Qatar's prestige emanates largely from the Al Jazeera channel based in Doha. The state-owned station broadcasts the most comprehensive coverage in the region but also plays to populist anti-Israeli and anti-U.S. views, giving Qatar legitimacy among Arabs even as it hosts one of the largest U.S. bases in the region.
These dual images are part of a careful sleight-of-hand by the country's emir, Sheik Hamad bin Khalifa al Thani.
"Qatar feels it has a duty to fulfill in the Arab world, especially after the retreat of the role played by certain Arab countries," said Muhammad Musfir, of Qatar University, referring to Egypt's failure to resolve regional problems.
To its critics, Doha, with one of the world's highest per capita incomes, speaks in too many tongues. It has close ties to Iran, Syria and the radical group Hamas in the Gaza Strip. But except for a break in relations during the Gaza war in January, Qatar was the only Gulf country with economic and diplomatic links to Israel.

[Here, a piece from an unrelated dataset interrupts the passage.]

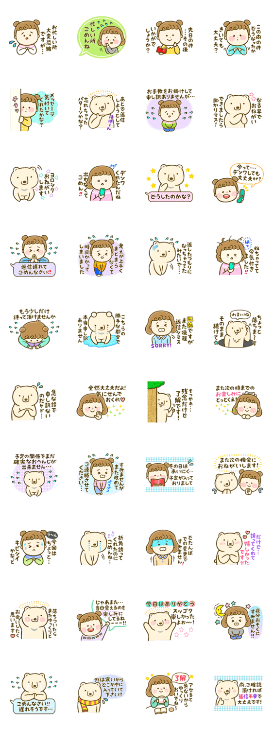 気遣いを忘れないクマさん&女の子 one_reason コメントをどうぞ 気遣いを忘れないシリーズ第1弾です!出来るだけ誠実に、出来るだけ柔らかく、時にはカジュアルに、相手に応えたい。そんな時にぜひ。謝る系多いです。 このスタンプどう思う?!↓クリックで投票♪好き (0)かわいい (0)かっこいい (0)おもしろい (0)使いやすそう (0)欲しい (0)萌え (0)ほっこりする (0)おしゃれ (0)ゆるい (0)こわい (0)ウザい (0)キモい (0)ムカつく (0)持ってる (0)癒される (0)セクシー (0)個性的 (0)私は買わない (0)誰かプレゼントして! (0) 購入・プレゼントする Facebookでシェア Twitterでシェア

Qatar could be a help or a hindrance to the U.S. as it seeks to improve relations with Iran and prepare for political shifts when aging allies President Hosni Mubarak of Egypt and King Abdullah of Saudi Arabia are no longer in power.
U.S. misgivings over Qatar were summed up by Sen. John F. Kerry (D-Mass.) after a recent trip to the region: "Qatar can't continue to be an American ally on Monday that sends money to Hamas on Tuesday."